** Source data **
>>

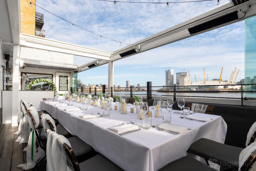 Our stunning Riverside Garden, which features a private bar and breath-taking views of the O2 Arena and the River Thames, is the ideal space for a private event.
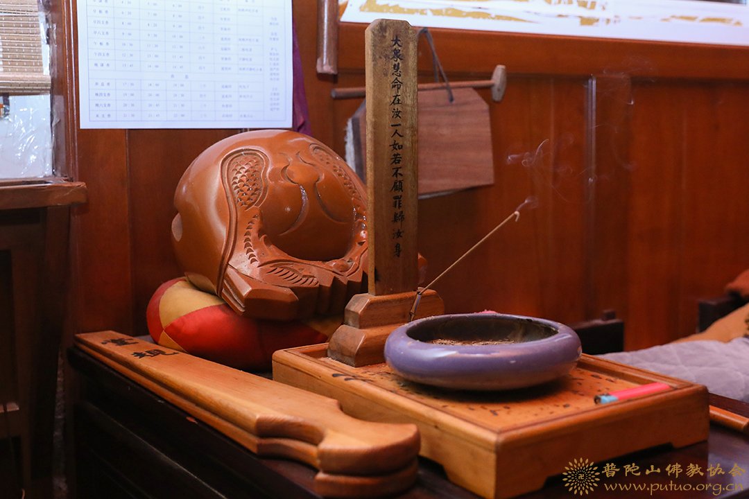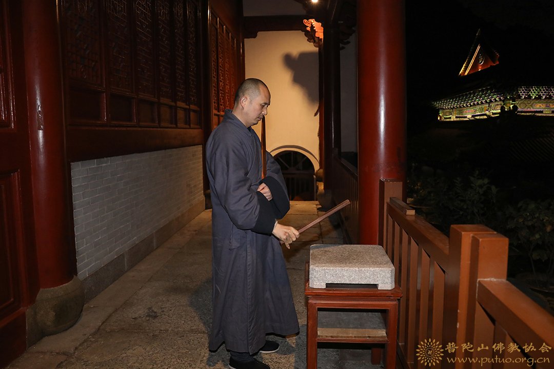 当值师父打引磬拜佛
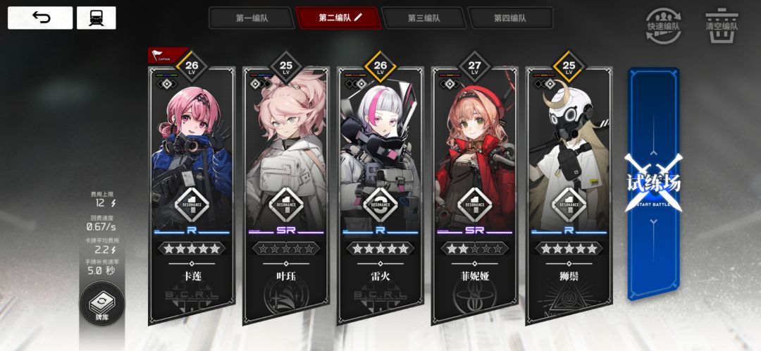 本人菜鸡非酋练度低在这提供一个平民阵容思路,有什么意见可以在下方评论区交流,不喜勿喷。 1.卡莲:全女队奶,大招能全奶有优秀的检索奶牌,小奶牌费用低可以放心使用不会抢占过多费用,练度低的可以用卡莲队长提供稳定群奶应付前期 2.叶珏:大家都有的雷队角色不多介绍 3.雷火:最强过牌,大概吧反正我现有的角色里没有什么比她过牌厉害,爆炸物特殊机制可以一波快速补充手牌完成循环 4.菲妮娅:初始雷系角色大招能
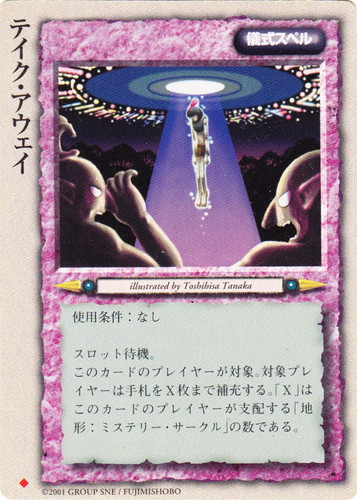 ![]() ![]() | テイク・アウェイ 儀式スペル 魔法帝国の興亡 ◆ 使用条件:なし スロット待機。 このカードのプレイヤーが対象。対象プレイヤーは手札をX枚まで補充する。「X」はこのカードのプレイヤーが支配する「地形:ミステリー・サークル」の数である。 illustrated by Toshihisa Tanaka |

<<

** Exercise **
Would you set down each line of the listing above exactly, apart from the pictures?

** Answer space **
 Our stunning Riverside Garden, which features a private bar and breath-taking views of the O2 Arena and the River Thames, is the ideal space for a private event.
 当值师父打引磬拜佛
 本人菜鸡非酋练度低在这提供一个平民阵容思路,有什么意见可以在下方评论区交流,不喜勿喷。 1.卡莲:全女队奶,大招能全奶有优秀的检索奶牌,小奶牌费用低可以放心使用不会抢占过多费用,练度低的可以用卡莲队长提供稳定群奶应付前期 2.叶珏:大家都有的雷队角色不多介绍 3.雷火:最强过牌,大概吧反正我现有的角色里没有什么比她过牌厉害,爆炸物特殊机制可以一波快速补充手牌完成循环 4.菲妮娅:初始雷系角色大招能
 ![]() ![]() | テイク・アウェイ 儀式スペル 魔法帝国の興亡 ◆ 使用条件:なし スロット待機。 このカードのプレイヤーが対象。対象プレイヤーは手札をX枚まで補充する。「X」はこのカードのプレイヤーが支配する「地形:ミステリー・サークル」の数である。 illustrated by Toshihisa Tanaka |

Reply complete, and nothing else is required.